• Exercise requirements: Print the data below exactly as it stands, and keep the pictures out.

• Study material:
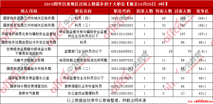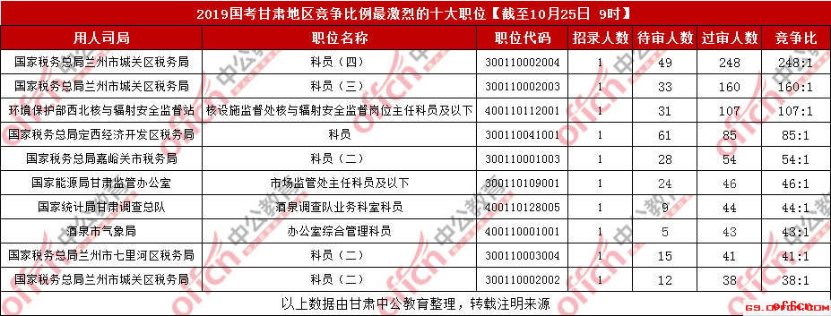 截至10月25日9時(shí),競爭比例最高的職位是國家稅務(wù)總局蘭州市城關(guān)區(qū)稅務(wù)局科員(四),招錄1人,過審人數(shù)為248人,競爭比248:1!具體信息如下:
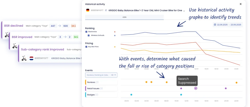 Bilgilendirin BSR düşüşleri ve kategori değişiklikleri hakkında. Trenleri tespit etmek, kategori pozisyon değişikliklerinin nedenlerini açığa çıkarmak ve ürün performansını artırmak için veri odaklı kararlar almak için tarihsel aktivite grafiklerini ve olayları kullanın.
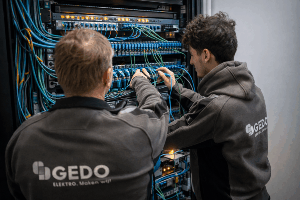 Onze ervaring in telecommunicatie en IT maakt het verschil. We integreren glasvezel naadloos in het totaalontwerp, samen met alle andere elektrotechnische voorzieningen. Geen losse kabels of latere aanpassingen, maar een slim en doordacht netwerk dat meteen goed zit.
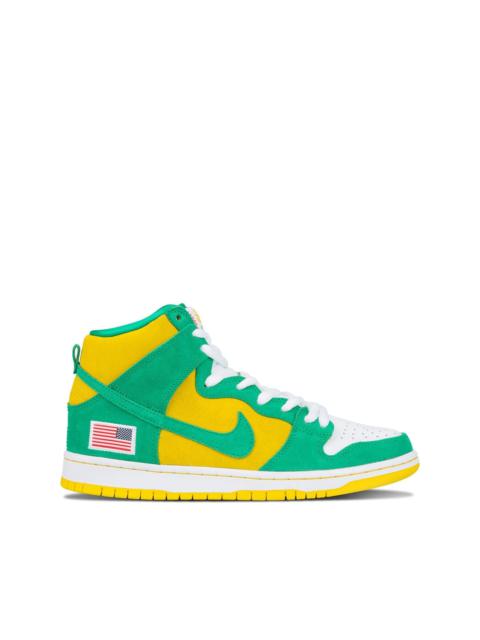 Dunk High Pro SB sneakers Originally released in 2002, the Dunk High Pro sneakers are here presented in a blue and black colourway. Constructed from leather, this pair features a logo patch at the padded tongue and the signature wrap-around swoosh in a black hue. Imported Composition Sole: Rubber 100% Outer: Leather 100% Lining: Fabric 100%
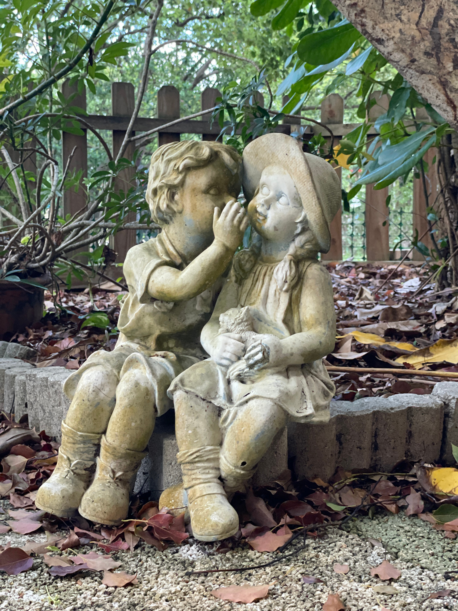 The image shows a garden sculpture of two children. One child wears a hat and appears to be lying on top of the other. The sculpture is located on a low brick structure, possibly steps, surrounded by…read more
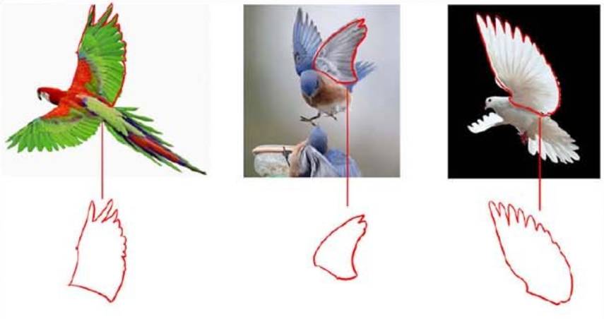 红线勾勒的翅膀有长短、大小、轮廊起伏、透明度等不同。虽然是在不同的角度和动态下,但是也不妨碍我们直观地感受到它们之间的变化。

• Completed exercise:
 截至10月25日9時(shí),競爭比例最高的職位是國家稅務(wù)總局蘭州市城關(guān)區(qū)稅務(wù)局科員(四),招錄1人,過審人數(shù)為248人,競爭比248:1!具體信息如下:
 Bilgilendirin BSR düşüşleri ve kategori değişiklikleri hakkında. Trenleri tespit etmek, kategori pozisyon değişikliklerinin nedenlerini açığa çıkarmak ve ürün performansını artırmak için veri odaklı kararlar almak için tarihsel aktivite grafiklerini ve olayları kullanın.
 Onze ervaring in telecommunicatie en IT maakt het verschil. We integreren glasvezel naadloos in het totaalontwerp, samen met alle andere elektrotechnische voorzieningen. Geen losse kabels of latere aanpassingen, maar een slim en doordacht netwerk dat meteen goed zit.
 Dunk High Pro SB sneakers Originally released in 2002, the Dunk High Pro sneakers are here presented in a blue and black colourway. Constructed from leather, this pair features a logo patch at the padded tongue and the signature wrap-around swoosh in a black hue. Imported Composition Sole: Rubber 100% Outer: Leather 100% Lining: Fabric 100%
 The image shows a garden sculpture of two children. One child wears a hat and appears to be lying on top of the other. The sculpture is located on a low brick structure, possibly steps, surrounded by…read more
 红线勾勒的翅膀有长短、大小、轮廊起伏、透明度等不同。虽然是在不同的角度和动态下,但是也不妨碍我们直观地感受到它们之间的变化。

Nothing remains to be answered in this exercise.